Claro que ainda há bastante a fazer e uma das áreas é completar o mercado interno da energia e um dos pontos que está a prejudicar toda a Europa é, exactamente, a Península Ibérica não estar ligada ao resto da Europa ou estar deficientemente ligada ao resto da Europa, porque nós temos vários terminais de gás natural liquefeito – oito, um em Portugal e o resto em Espanha – e o facto de não estarmos ligados prejudica o transporte para o centro da Europa. Também as ligações eléctricas. Lembro-me que estive no Governo de 2003 a 2005, tivemos duas cimeiras com Espanha, nas duas assinámos, com fotografia, acordos para fazermos as interligações; no Governo do dr. Pedro Passos Coelho também se esteve aí, nesse caso muito concreto, com financiamento europeu para fazermos as interligações; neste Governo já houve várias cerimónias, até com a presidente da Comissão; ainda agora tive uma reunião com a comissária da Energia em que voltei a perguntar se havia financiamento para as ligações eléctricas. Continuamos a ter notícias de que há problemas, essencialmente na França, para construir esse mercado interno.

Falta vontade política?

Tem havido, ao longo dos anos, em relação às interligações, uma oposição da França. A França tem o seu problema resolvido com a energia nuclear, portanto, não tem grande interesse, mas tem de haver, do lado da Península Ibérica, um exigir.

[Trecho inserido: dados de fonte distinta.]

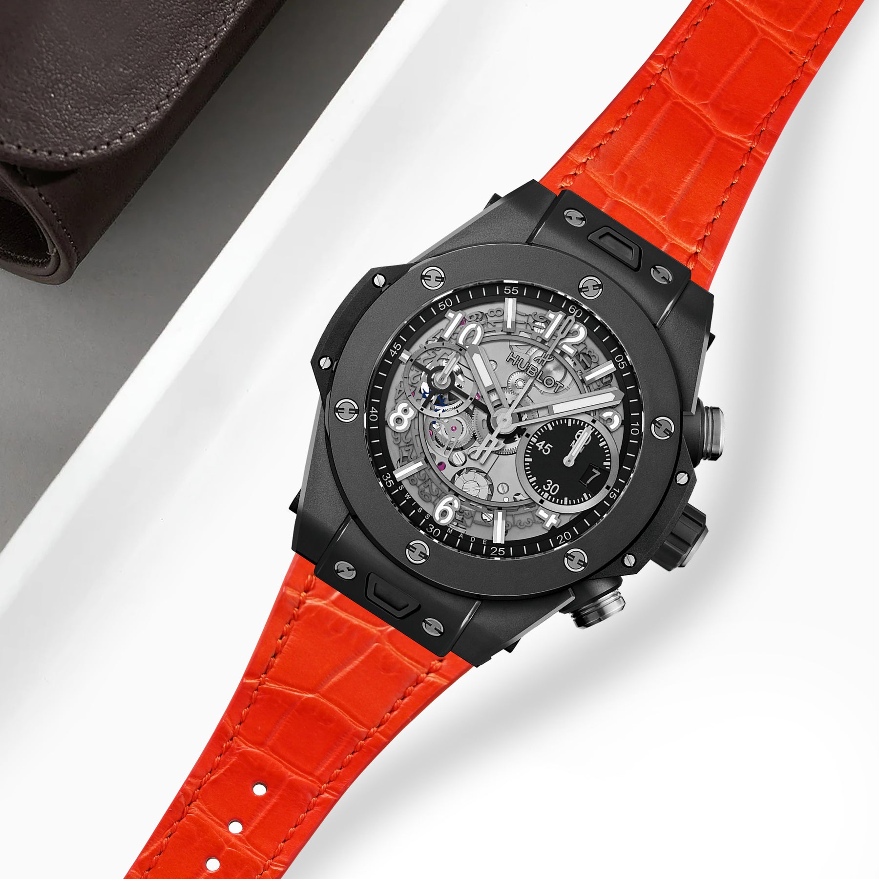 This strap is a statement piece with a firm foot in elegant evening attire and another in jeans and weekend mode. Our Croco straps are made from the centre section of the belly which has very square uniform scales features with a modern click-in system for easy installation and a secure fit. Coming in a wide range of croco leather colours material for Hublot Unico One-Click, you can choose the one that best suits your watch and outfit.
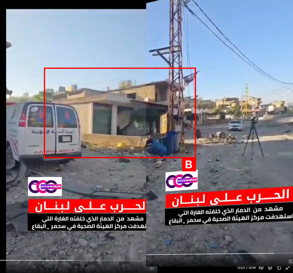 Reports of the incident mention the Health Authority Center (مركز هيئة الصحة) being struck in the town of Sahmar (سحمر). Analysing audio-visual material from sources, we have narrowed the location down to the following exact coordinates: 33.525744, 35.696774.
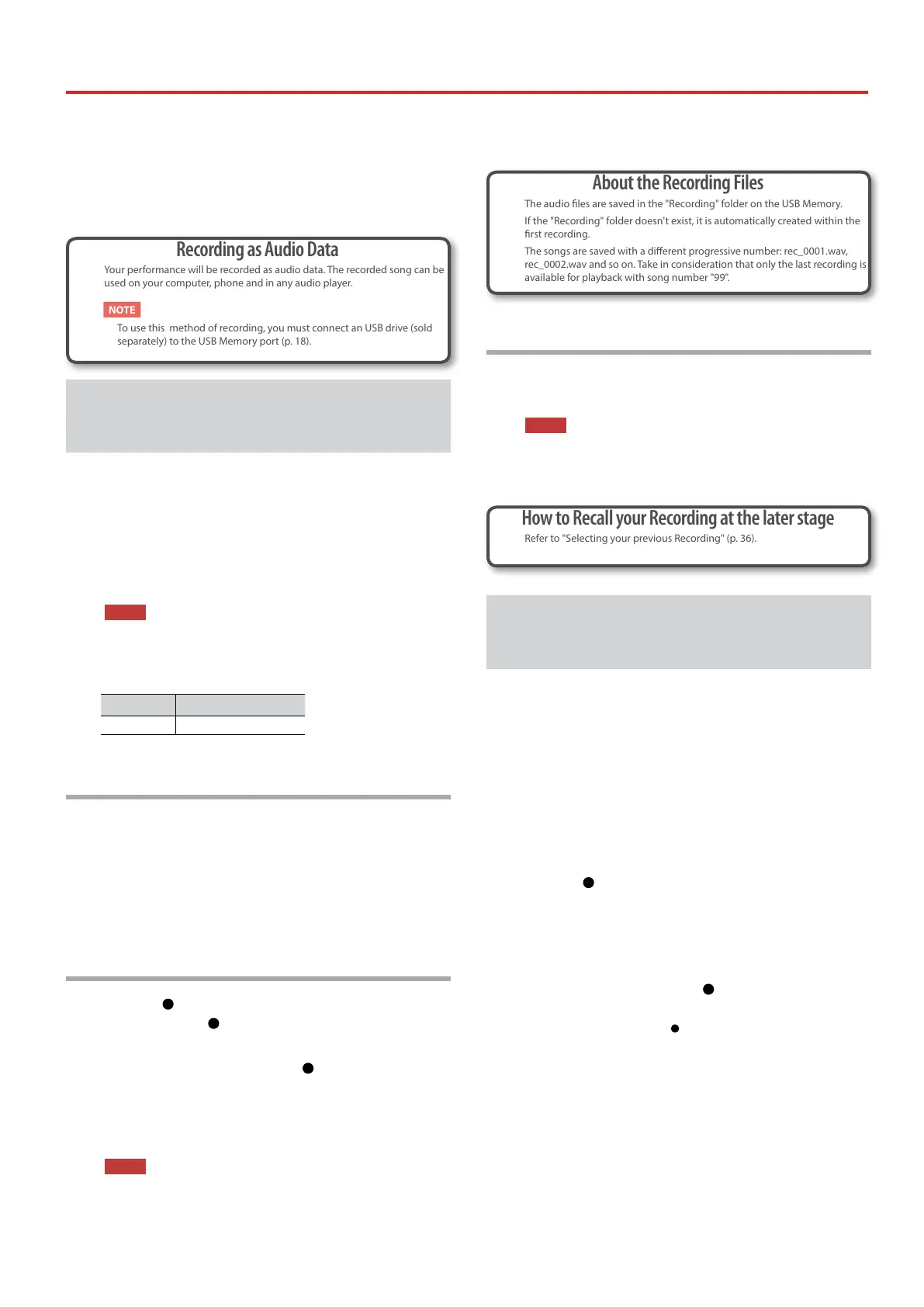 The audio les are saved in the "Recording" folder on the USB Memory.

Há financiamento europeu e nós, no Parlamento Europeu, temos feito o que podemos, com cartas, falando publicamente, até conseguimos trazer os colegas franceses a assinar as cartas a pedir as interligações.

A ideia que fica é que o projecto só foi interessante quando os preços dos combustíveis e o gás natural dispararam; passou a ser menos interessante à medida que o preço foi descendo.

É o governar para o imediato, não é ter visão.

Ainda faltam pontos para acabar, mas há uma capacidade [da Europa] de reagir em conjunto na área da energia.

Neste momento, como consequência de uma inflação grande, ficou cada vez mais notória a falta de matérias-primas, a [falta de] independência, não só energética, mas também nas matérias-primas críticas para a transição energética que estamos a fazer. Há um crescer do proteccionismo dos Estados Unidos e uma agressividade muito grande por parte da China, e a Europa tem, neste momento, que ter uma posição forte de defesa da sua capacidade industrial.

Eu já há muito tempo que chamo a atenção para isto. Ainda antes destas crises, fui relatora na Comissão do Mercado Interno da Estratégia Industrial da Europa e não acho – há colegas no Parlamento Europeu que têm uma visão diferente – mas eu não sou favorável a que a Europa se feche; a Europa continua ainda a ser um grande exportador a nível mundial, portanto, deve ser uma economia aberta, mas uma economia que investe muito, para já, em inovação, em competências, ter pessoas competentes, ter as infra-estruturas modernas necessárias, ter a capacidade de fazer – nós não podemos deixar de ter a capacidade de fazer, não é por ser mais barato fazer noutro lado que não se faz aqui.

O custo de fazer noutro lado ficou demonstrado agora, com as duas crises.

Não fazem as contas todas, não têm uma visão sistémica do problema; é preciso ter a visão do sistema e ter em conta todos os custos e todos os fluxos para aquele sistema, e aí chega-se à conclusão de que o preço de fazer não sei onde, se calhar, não é mais barato do que fazer aqui, porque há tudo o resto e as questões têm de ser todas consideradas.